- Exercise objective
The expected response is the full listing, retyped exactly, without its images.

- Dataset extract
--

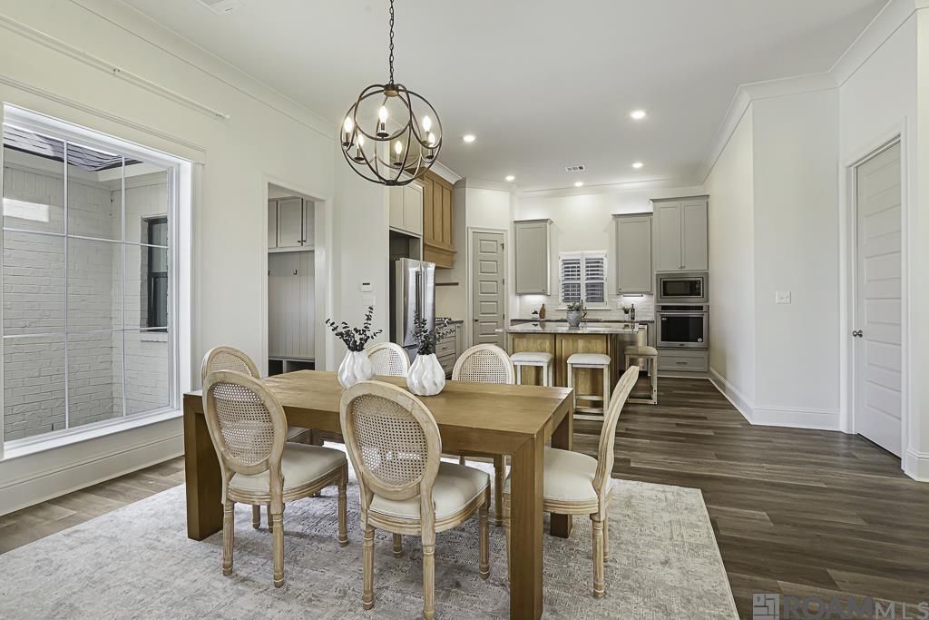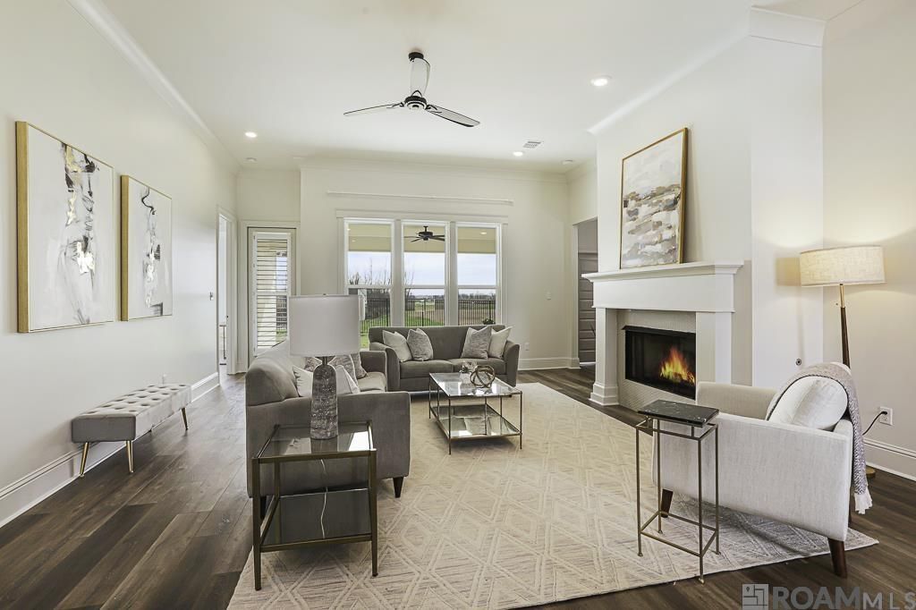 Open House Cancelled. Beautifully constructed by Hometown Homebuilder, Wesley Daniel, this exceptional home is located in the highly desirable Cheval Point community, where timeless design meets an unmatched riverfront lifestyle. The inviting beamed foyer opens to a spacious formal dining room with views of the living room's cozy fireplace, setting the tone for warmth and elegance. The thoughtfully designed floor plan features a set-back kitchen with an adjacent mudroom, offering both functionality and privacy. The forward-facing living room is filled with natural light and highlights the pond views, while tall windows lead to a generously sized covered back patio, ideal for entertaining or relaxing outdoors. The primary suite is a true retreat, highlighted by a breathtaking coffered ceiling. The ensuite bath offers dual vanities, a soaking tub, a spacious shower, a private water closet, and a large walk-in closet with multiple storage areas. Three additional guest bedrooms are thoughtfully positioned on the opposite side of the home for added privacy; two share a bath, while one enjoys its own private ensuite. The chef's kitchen is designed to impress, featuring an oversized island, custom cabinetry, a vent hood, deep drawers, pull-outs, and a walk-in pantry that provide ample storage. A convenient mudroom entry leads in from the 530 sq. ft. garage, complete with additional storage at the stoop. Step outside to enjoy cool river breezes and unforgettable sunsets. This one-of-a-kind community is just a bike ride from LSU and a five-mile commute to downtown Baton Rouge, and will soon feature a community pavilion with grilling spaces for family gatherings and parties. Horse enthusiasts will love this horse-friendly setting, with Farr Park next door and easy access to the levee's four-mile paved path, perfect for walking, biking, jogging, or riding, while taking in peaceful views of cattle grazing around the neighborhood.
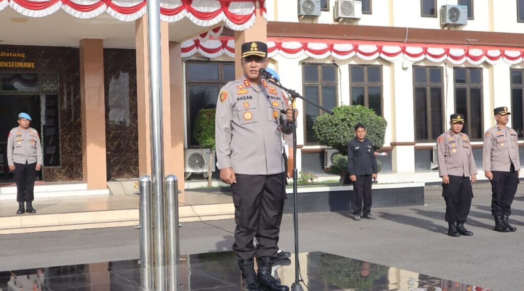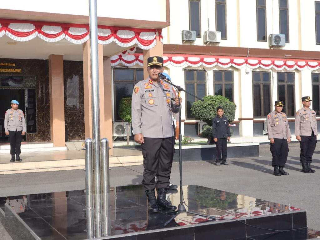 Lhokseumawe – Kapolres Lhokseumawe, AKBP Dr. Ahzan, S.H., S.I.K., M.S.M., M.H memimpin apel pagi di halaman Mapolres Lhokseumawe, Senin (26/8/2025). Dalam arahannya, Kapolres menyampaikan program Kapolda Aceh yang baru Brigjen Pol Drs. Marzuki Ali Basyah, M.M dengan tagline “Polda Meutuah, Menuju Aceh Meusyeuhu” sebagai landasan kerja seluruh personel kepolisian di wilayah hukum Polres Lhokseumawe.
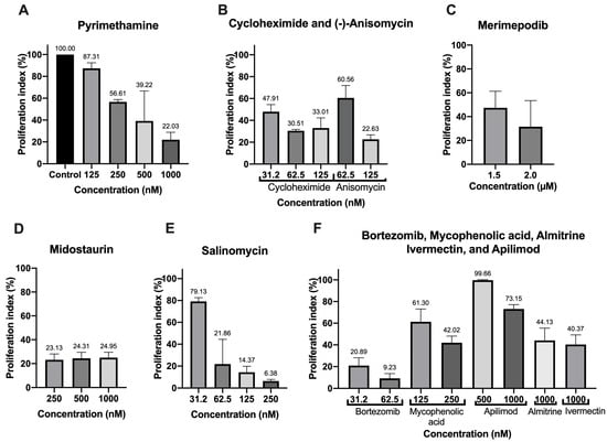 Proliferation index of the best drugs of the COVID-Box after 24 h of treatment with different concentrations of (A) Pyrimethamine, (B) Cycloheximide, Anisomycin, (C) Merimepodib, (D) Midostaurin, (E) Salimomycin, (F) Bortezomib, Mycophenolic acid, Apilimod, Almitrine, and Ivermectin. Values represent mean ± SD of three experiments, except for merimepodib, salinomycin, and pyrimethamine (two experiments).

--

- Solution to the problem
 Open House Cancelled. Beautifully constructed by Hometown Homebuilder, Wesley Daniel, this exceptional home is located in the highly desirable Cheval Point community, where timeless design meets an unmatched riverfront lifestyle. The inviting beamed foyer opens to a spacious formal dining room with views of the living room's cozy fireplace, setting the tone for warmth and elegance. The thoughtfully designed floor plan features a set-back kitchen with an adjacent mudroom, offering both functionality and privacy. The forward-facing living room is filled with natural light and highlights the pond views, while tall windows lead to a generously sized covered back patio, ideal for entertaining or relaxing outdoors. The primary suite is a true retreat, highlighted by a breathtaking coffered ceiling. The ensuite bath offers dual vanities, a soaking tub, a spacious shower, a private water closet, and a large walk-in closet with multiple storage areas. Three additional guest bedrooms are thoughtfully positioned on the opposite side of the home for added privacy; two share a bath, while one enjoys its own private ensuite. The chef's kitchen is designed to impress, featuring an oversized island, custom cabinetry, a vent hood, deep drawers, pull-outs, and a walk-in pantry that provide ample storage. A convenient mudroom entry leads in from the 530 sq. ft. garage, complete with additional storage at the stoop. Step outside to enjoy cool river breezes and unforgettable sunsets. This one-of-a-kind community is just a bike ride from LSU and a five-mile commute to downtown Baton Rouge, and will soon feature a community pavilion with grilling spaces for family gatherings and parties. Horse enthusiasts will love this horse-friendly setting, with Farr Park next door and easy access to the levee's four-mile paved path, perfect for walking, biking, jogging, or riding, while taking in peaceful views of cattle grazing around the neighborhood.
 Lhokseumawe – Kapolres Lhokseumawe, AKBP Dr. Ahzan, S.H., S.I.K., M.S.M., M.H memimpin apel pagi di halaman Mapolres Lhokseumawe, Senin (26/8/2025). Dalam arahannya, Kapolres menyampaikan program Kapolda Aceh yang baru Brigjen Pol Drs. Marzuki Ali Basyah, M.M dengan tagline “Polda Meutuah, Menuju Aceh Meusyeuhu” sebagai landasan kerja seluruh personel kepolisian di wilayah hukum Polres Lhokseumawe.
 Proliferation index of the best drugs of the COVID-Box after 24 h of treatment with different concentrations of (A) Pyrimethamine, (B) Cycloheximide, Anisomycin, (C) Merimepodib, (D) Midostaurin, (E) Salimomycin, (F) Bortezomib, Mycophenolic acid, Apilimod, Almitrine, and Ivermectin. Values represent mean ± SD of three experiments, except for merimepodib, salinomycin, and pyrimethamine (two experiments).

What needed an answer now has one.